После этого маме показалось, что в комнате полно мужчин.
– Можешь сесть? – спросил Джеймс.
Мама оперлась о подушки и выжидательно посмотрела на них.
– Рад с вами познакомиться, – сказал Роли. – Я слышал о вас много хорошего.
Мама не знала, что на это ответить, поэтому просто кивнула.
Джеймс повторил:
– Мы кое-что придумали. М-м-мы… – он посмотрел на друга и ткнул его в бок.
Роли продолжил фразу:
– Мы продали «Линкольн» и выручили за него хорошую сумму. Вот чек на ваше имя. Он с моего счета, но это деньги от Джеймса. Пришлось так сделать из-за отчетности, понимаете. Мы о вас позаботимся.
О ней позаботятся! На мгновение мама представила себя кем-то вроде своей бывшей свекрови, чьей единственной задачей было красиво выглядеть и грамотно говорить. Когда о тебе заботятся, значит, у тебя никогда не будет недостатка в любви и деньгах. Будто Джеймс и Роли предлагали шанс стать не Гвендолен Ярборо, а совершенно другим человеком.
Мама посмотрела на Джеймса, тот кивнул.
– М-м-мы хотим поступить по совести.
Роли протянул чек. Бумага была простая, зеленоватая, цвета морской пены – такой бланк выдают бесплатно, когда открываешь счет. Ее имя было аккуратно напечатано в верхней строчке, внизу стояла угловатая, но не вычурная подпись Роли. Строка «Назначение» оставалась пустой.

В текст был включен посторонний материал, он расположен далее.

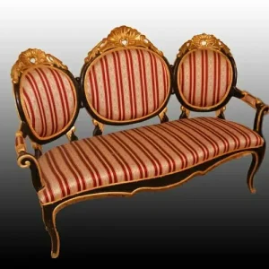 Stupendo salotto italiano divano con 2 poltrone laccato e dorato stile Luigi Filippo del 1800
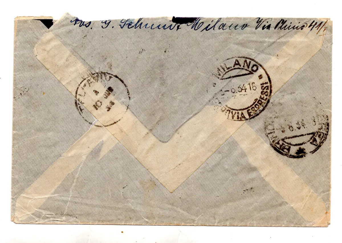 - Luftpost Cent. 25 Nr. 10 Dreierstreifen + ergänzende Kaiserliche Lire 1,25 auf Luftumschlag (Poststopp) für Palästina am 3.6.34 auf dem Luftweg aus Brindisi - leichte Mängel aber ungewöhnlich für Fachmann Nr. 187/18

Когда мама рассказывала эту историю, воспоминание было несвежим, как мясо, которое слишком долго держали в холодильнике. Она не могла вспомнить волнения, которое наверняка почувствовала из-за того, что так быстро получила ответ на свои молитвы и что воля Божья исполнилась не таинственным образом, а самым простым и прямым. Эту историю мама рассказала мне в 1986 году и добавила: «Будь осторожнее в своих желаниях». Сейчас вспоминается и табачный запах папиного дыхания, и резкий вкус его поцелуя. Помнит, что колени Роли хрустнули, когда тот поднимался. Она знала, как впоследствии сложилась ее судьба, и хотела уверить меня, что уже тогда предчувствие было дурное. Но я понимала – это ложь. Я завидовала, что в ее жизни был такой момент. Какая девушка не мечтает о спасении и не хочет широких жестов?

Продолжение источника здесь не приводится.